И, обернувшись к Пьеру, он сказал:
— Теперь вы можете войти.
Пьер посмотрел им вслед: один шел позади — смиренный и раболепный, другой впереди — торжествующий и победоносный. Потом, войдя в тесный рабочий кабинет, где стоял лишь простой стол и три стула, священник тотчас увидел кардинала Бокканера: тот стоял гордо и прямо, сохраняя высокомерную осанку, с какой провожал Сангвинетти, своего опасного, ненавистного соперника, притязавшего на папский престол. И было заметно, что Бокканера тоже не потерял надежды и считал себя единственно возможным папой, тем, кого изберет будущий конклав.
Но когда дверь снова затворилась и Бокканера остался наедине с молодым священником, своим гостем, свидетелем смерти двух дорогих его сердцу детей, которые спали вечным сном в соседней зале, кардиналом вновь овладело невыразимое волнение, внезапная слабость, сломившая всю его энергию.

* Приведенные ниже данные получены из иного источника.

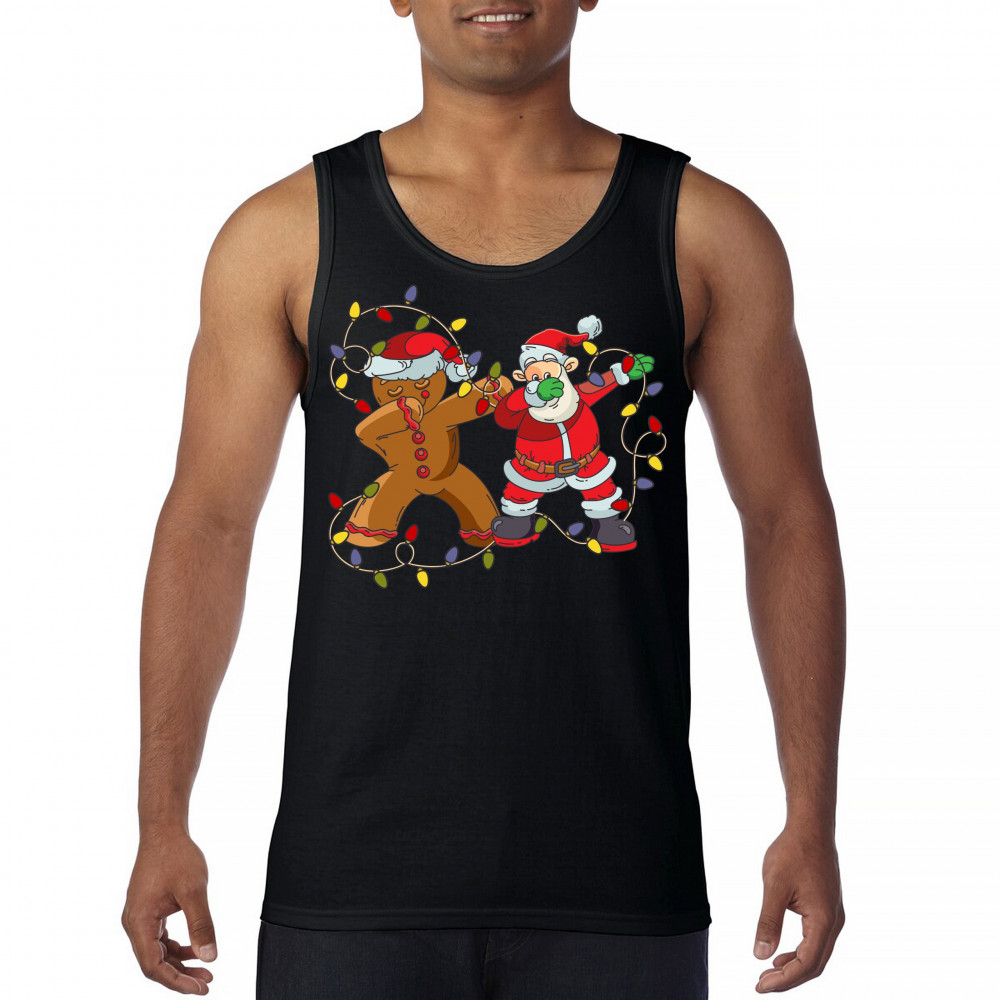 GINGERBREAD MAN AND SANTA CLAUS DAB DANCE tank top merry christmas men's top black

Теперь, когда соперник уже не мог его видеть, Бокканера поддался человеческим чувствам. Он пошатнулся, как старый дуб под ударом топора, и тяжело опустился на стул, сотрясаясь от горьких рыданий. А когда Пьер, согласно церемониалу, склонился, чтобы поцеловать изумруд на перстне кардинала, тот поднял его, заставил сесть прямо против себя и промолвил прерывающимся голосом:
— Нет, нет, любезный сын мой, сядьте здесь, подождите… Простите меня, подождите минуту, у меня сердце разрывается…

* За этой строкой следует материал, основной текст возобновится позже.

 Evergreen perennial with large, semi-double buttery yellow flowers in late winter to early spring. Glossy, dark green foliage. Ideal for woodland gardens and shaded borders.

Он рыдал, закрыв лицо, не в силах справиться с собой, подавить сердечную боль, сжимая виски и щеки своими еще сильными руками.
Тогда у Пьера тоже выступили слезы, ему опять вспомнились ужасные события последних дней; он был потрясен при виде величавого, благочестивого старца, знатного вельможи, обычно столь высокомерного, который всегда так хорошо владел собою, а теперь, жалкий, убитый горем, плакал, как беспомощный ребенок. Пьер и сам задыхался от слез, но ему все же захотелось выразить свое сочувствие, и он попытался найти теплые слова, чтобы хоть немного смягчить отчаяние кардинала.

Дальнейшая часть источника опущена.